I’m quite willing to believe that “cultural attitudes” underlay the apparent belief of members of the Asian criminal gang that young white girls, many of whom were or had been in care, were “easy meat” for their predatory sexual behaviour.
After all, such cultural attitudes are hardly confined to those with family connections in Pakistan. They even seem to have been prevalent at the Crown Prosecution Service, which decided back in 2008 that a girl who had come forward to describe being raped would not make a credible witness. If traditionally-minded Asians are indeed liable to believe that children like her are of less account than their own overprotected daughters it must be asked how they came by such ideas. Perhaps they have been reading the Daily Mail‘s frequent and lurid accounts of the Hogarthian decadence with which a high proportion of this nation’s teenage girls supposedly conduct themselves.
A Guardian editorial yesterday helpfully explained that “the force that shaped it [the sexual abuse] was not the ethnicity of the abusers but the poor, chaotic family lives of the victims.” Thus was the blame seemlessly (and perhaps unconsciously) transferred from the perpetrators. Poor and chaotic family lives may have rendered the victims vulnerable to the blandishments of these criminal gangs but it does not explain why they were raped. The only force that shaped the abuse was the behaviour of the abusers.
And it didn’t take long, last night, for the BBC’s “flagship” Question Time to degenerate into a veritable orgy of slut-shaming. Peter Oborne, a Telegraph journalist who has written extensively against Islamophobia, was the worst offender. “What does it tell us about what’s happened to our society,” he wondered, “that we have 12 year old girls, 13 year old girls, who are happy to give up their affection and their beauty to men in exchange for a packet of crisps or a bit of credit on their mobile phone?” He later elaborated that the girls had shown themselves “ready to surrender their innocence for a bag of crisps”.

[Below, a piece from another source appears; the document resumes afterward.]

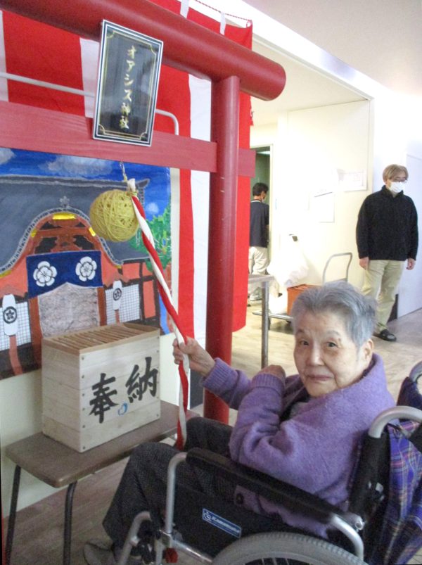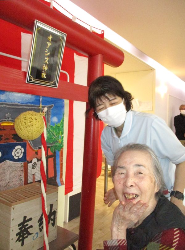 先日、毎年恒例となっている職員手作りの「オアシス神社」による初詣イベントを開催しました

The implication is clear: the problem is with young girls, well below the age of consent, who (allegedly willingly) “surrender their innocence”, rather than with the men who take. “Society” is to blame for allowing this to happen. The perpetrators, presumably, just couldn’t help themselves, like children in a sweetshop. And Oborne’s language of “beauty” and “innocence”, with its nauseating fetishisation of female purity, seemed to embody precisely those “cultural attitudes” towards women that are assumed to characterise conservative Muslim communities.
A man in the audience who appeared to be a bishop then chipped in with the suggestion that 13 year-old girls “go out dressed as if they are looking for that sort of issue to take place”. He later withdrew the obvious imputation that they were “asking for it”, but it’s striking how naturally the thought had come to his mind. As it came to the mind of Caroline Spelman that the solution lay in giving girls (it’s always girls, isn’t it?) “the right values… to keep themselves safe.”

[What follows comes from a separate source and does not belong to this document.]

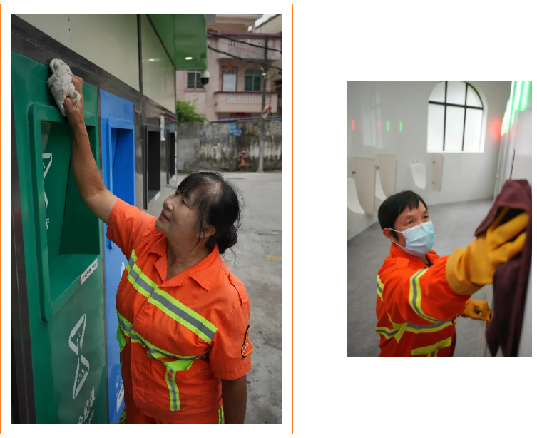 从定点收垃圾的挥汗如雨,到河面保洁的孤影前行;从驾驶现代化清扫车的专注,到守护公厕一尘不染的执着……

It would be naive to suppose that many of the girls who found themselves at the mercy of these gangs didn’t already have “issues”. A high proportion came from broken homes and had been in the care system. It’s undeniable that such children are more likely than average to become involved in crime or drugs, to become pregnant at an early age, to end up homeless or engaged in street prostitution. But that only makes it more important not to make them complicit in their own degradation.
It’s not so many years ago that it was standard practice for underage prostitutes to be regarded by the police and justice system as criminals rather than as victims. It’s only a couple of weeks ago that a rape victim was named on Twitter by fans of the footballer convicted of assaulting her. The charge being levelled against her, effectively, was one of having “loose morals”. No-one invoked the alien “cultural norms” of football supporters to explain such attitudes, as did David Starkey in response to the Asian grooming gangs, or saw it as evidence that the education system had failed adequately to convey the “history of feminism” in these islands.
The trial that ended this week in Liverpool was not the first, and won’t be the last, to feature predominantly Pakistani-British gangs preying sexually upon mainly white girls from troubled backgrounds. There are, no doubt, special features at work in these cases: two that spring to mind are the sexual frustration experienced by young men from strict, patriarchal families and the “biraderi” system of male mutual support which might easily be debased into one of passing around young girls for sex. But the sexual double standards, the valuation of women based on their actual or presumed availability, the writing off of girls from difficult backgrounds as “white trash”: such attitudes are far from being the preserve of those from conservatively-minded ethnic minorities.